* _EXERCISE PROMPT_: Print the records below exactly, from the line containing "Walking through the" down to the line containing "Vi fikk omvisning", both lines included, and omit every picture.
───── PROVIDED INFORMATION
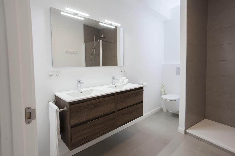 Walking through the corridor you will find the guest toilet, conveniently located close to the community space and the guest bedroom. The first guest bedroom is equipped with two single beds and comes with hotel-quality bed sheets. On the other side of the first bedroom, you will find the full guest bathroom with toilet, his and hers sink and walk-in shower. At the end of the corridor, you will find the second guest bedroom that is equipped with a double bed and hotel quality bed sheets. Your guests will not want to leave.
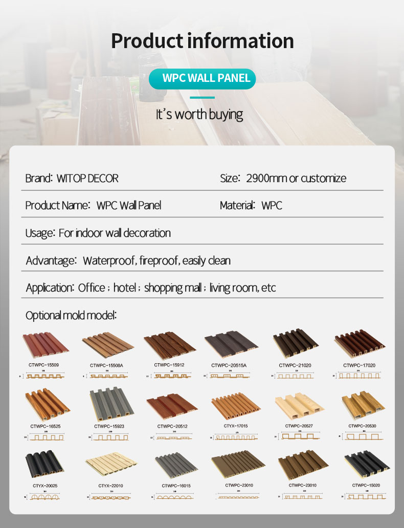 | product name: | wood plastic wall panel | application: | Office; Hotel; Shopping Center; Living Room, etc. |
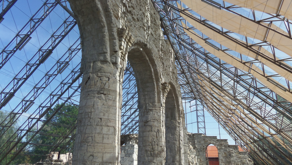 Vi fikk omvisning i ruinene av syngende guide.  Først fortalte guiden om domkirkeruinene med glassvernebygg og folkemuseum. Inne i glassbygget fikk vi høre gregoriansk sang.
──────────
───── PROVIDED INFORMATION
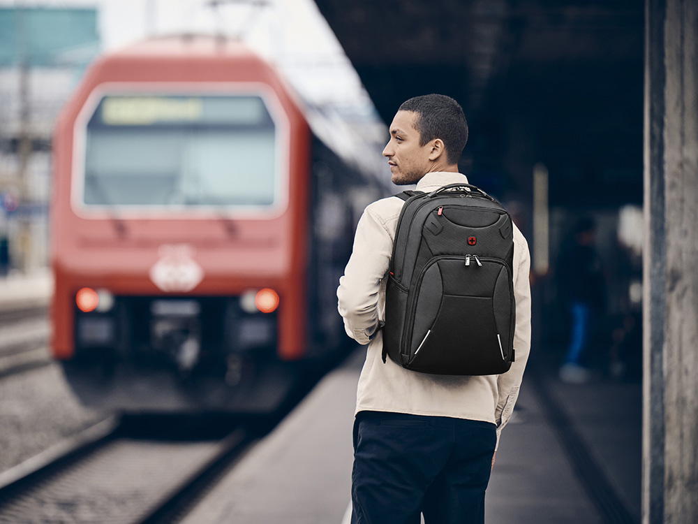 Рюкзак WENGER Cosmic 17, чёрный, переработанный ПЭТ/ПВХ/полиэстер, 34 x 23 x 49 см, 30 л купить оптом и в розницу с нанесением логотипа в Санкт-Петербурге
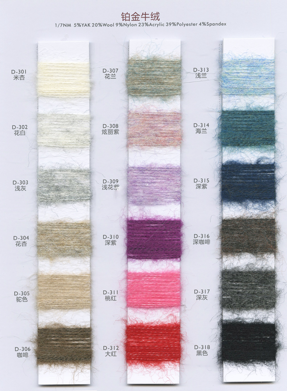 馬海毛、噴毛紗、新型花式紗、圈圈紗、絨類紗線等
──────────
* _EXERCISE OUTPUT_:
 Walking through the corridor you will find the guest toilet, conveniently located close to the community space and the guest bedroom. The first guest bedroom is equipped with two single beds and comes with hotel-quality bed sheets. On the other side of the first bedroom, you will find the full guest bathroom with toilet, his and hers sink and walk-in shower. At the end of the corridor, you will find the second guest bedroom that is equipped with a double bed and hotel quality bed sheets. Your guests will not want to leave.
 | product name: | wood plastic wall panel | application: | Office; Hotel; Shopping Center; Living Room, etc. |
 Vi fikk omvisning i ruinene av syngende guide.  Først fortalte guiden om domkirkeruinene med glassvernebygg og folkemuseum. Inne i glassbygget fikk vi høre gregoriansk sang.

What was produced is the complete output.